Vom Unisono, das das Festivalmotto verhieß – blieben die Randspiele, die nunmehr „Randfestspiele“ heißen, auch in 2010 weit entfernt. Genau das Gegenteil zeichnet sie aus: dass Vieles möglich ist, Disparates zu seinem Recht kommt. Derlei Vielgestalt, die nichts und niemanden ausschließt, darf man im 18. Veranstaltungsjahr als entscheidendes Gütesiegel bezeichnen – es charakterisiert ein tapferes, gleichwohl chronisch unterfinanziertes Konzert-Festival in einer Region, wo avanciertes Komponieren nicht zu den politischen Highlights gehört. Gemeinsam mit der Bundesmusikakademie Rheinsberg, dem Philharmonischen Orchester in Cottbus, dem Brandenburger Theater und den Potsdamer „Intersonanzen“ gehören die „Randfestspiele“ zu den überschaubaren Initiativen neuer Musik zwischen Havel und Spree – sie engagieren sich mit viel Idealismus, nicht mittels Fördermillionen.

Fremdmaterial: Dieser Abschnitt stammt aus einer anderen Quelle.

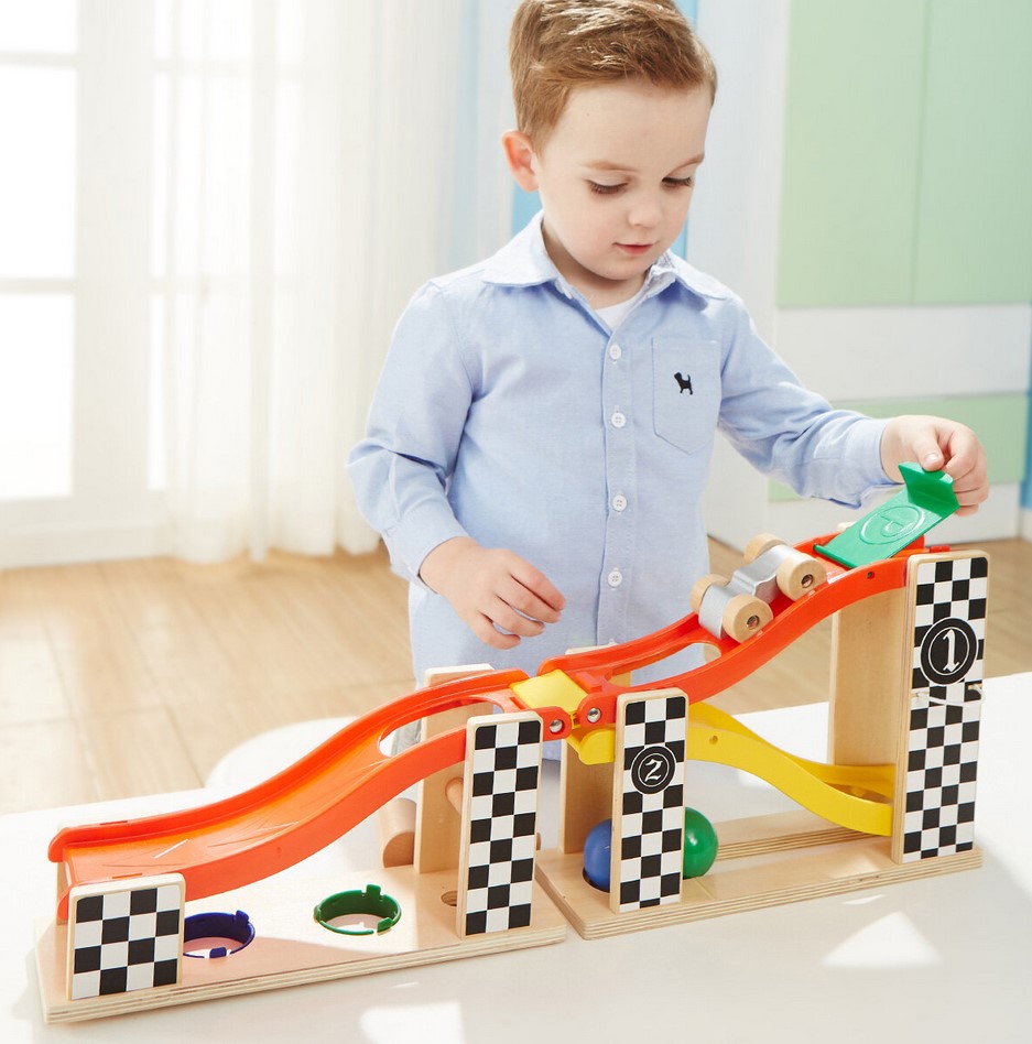 • copilul asaza masinuta in partea de sus a rampei si o impinge usor, aceasta va urma traseul pana jos, la linia de sosire
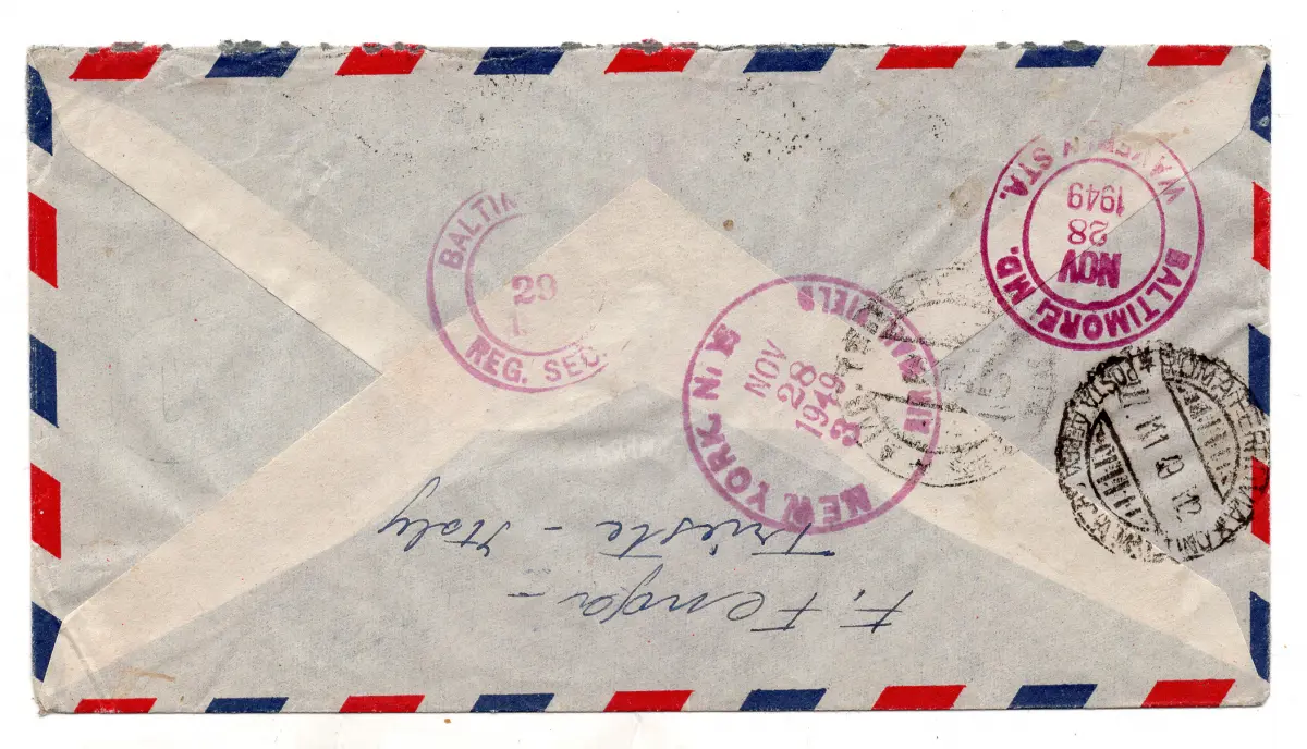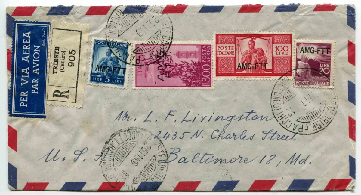 Triest Democratica Lire 100 auf Umschlag Racc. auf dem Luftweg in die USA Umschlag - Democratica Lire 100 (I. Platte) Nr. 67 + Ergänzungen Nr. 59 + 64 + P.A. Nr. 14 auf Umschlag Racc. per Luftweg in die USA am 26.11.49 - Schöner und ungewöhnlicher Code Nr. 619/4
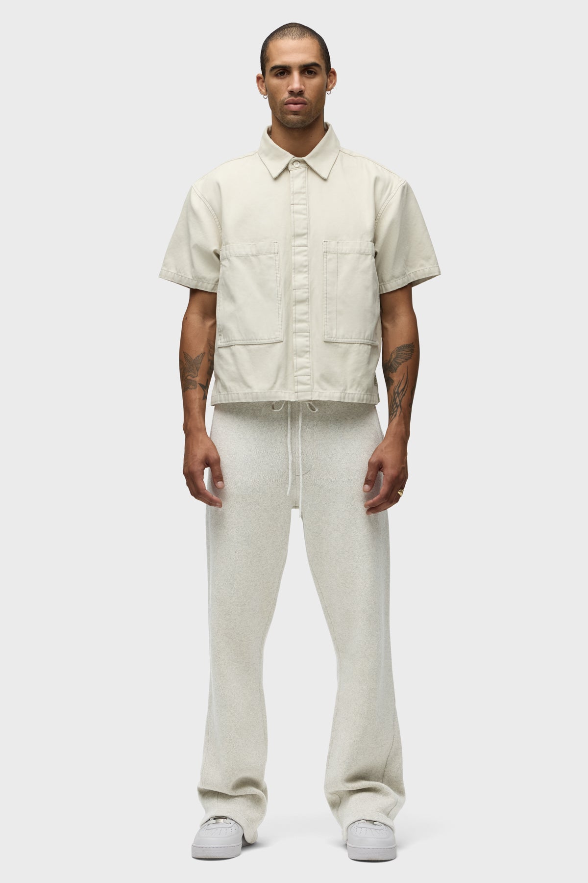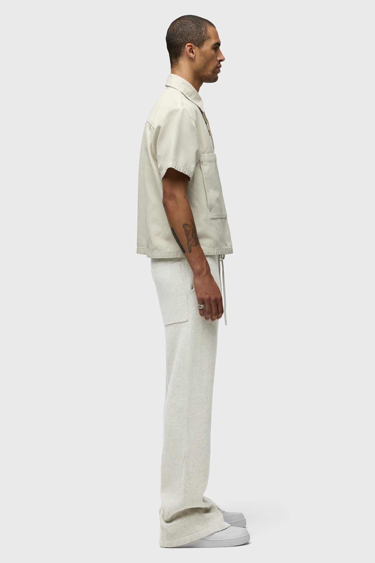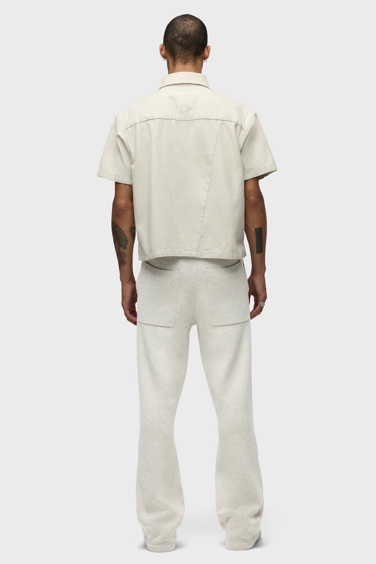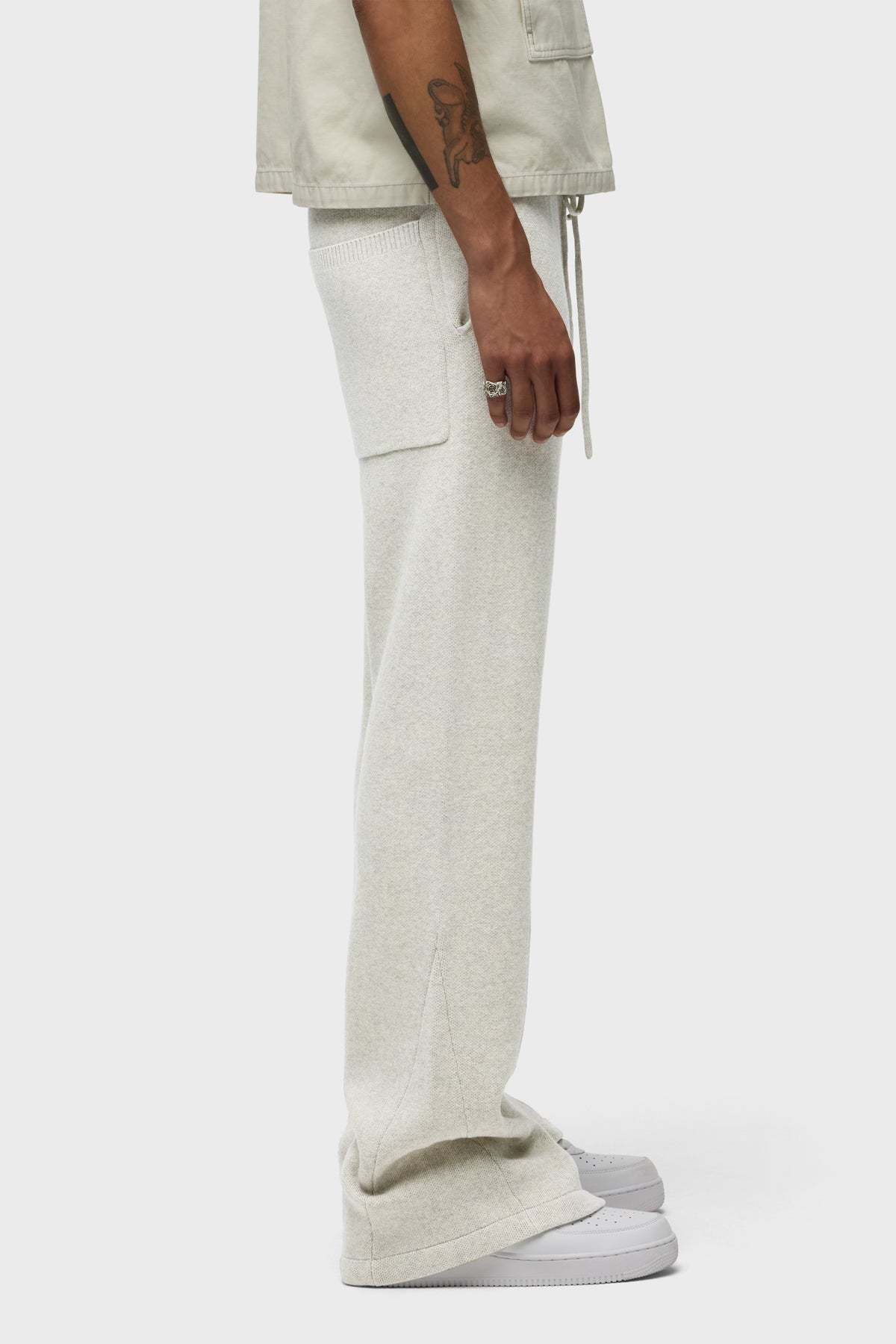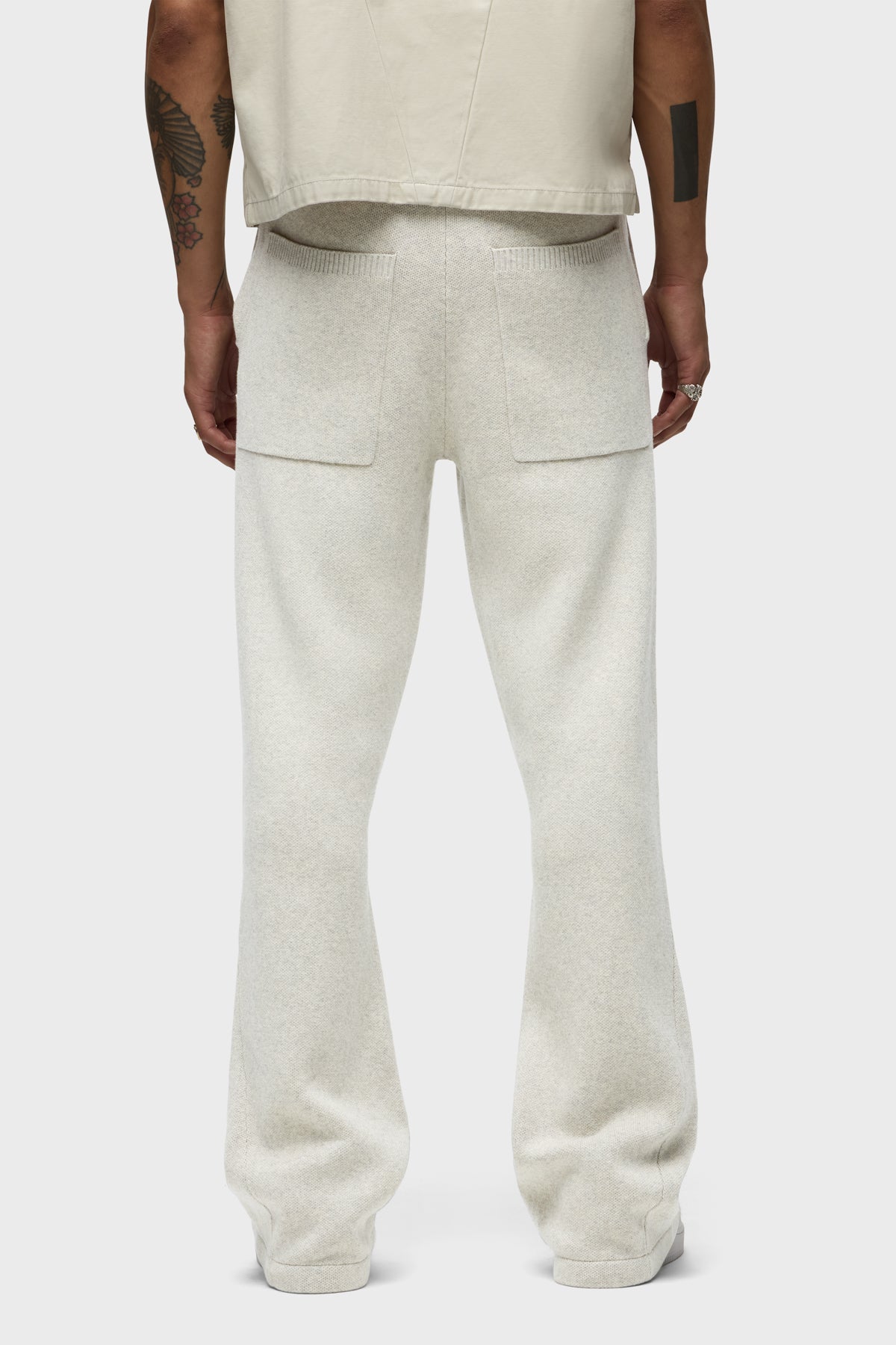 The Double Knit Kick Flare in Oatmeal is designed for a relaxed fit with a flared hem and drawcord, elastic waistband. Made from a soft, cotton-cashmere blend, the pair is finished with slash pockets, back patch pockets and gussets at the hem. Pair as a set with the coordinating Double Knit Hoodie. -

Mir persönlich fielen in Zepernick noch mehrere Arbeiten auf, die ich gern andernorts, in anderem Kontext gern noch einmal nachhören würde: Lothar Voigtländers wütend hämmerndes Klaviertrio „Variations sur un mode sentimenal“, Peter Köszeghy’s vielleicht ein wenig angeberische, aber opulente Komposition „Priapos“ für vier Bläser, vier Sänger und Zuspiel sowie Michael Hirschs introvertiertes, klangscheues Streichquartett . Mit Letzterem begann in Zepernick das Abschlußkonzert mit dem fantastisch disponierten Sonar Quartett aus Berlin.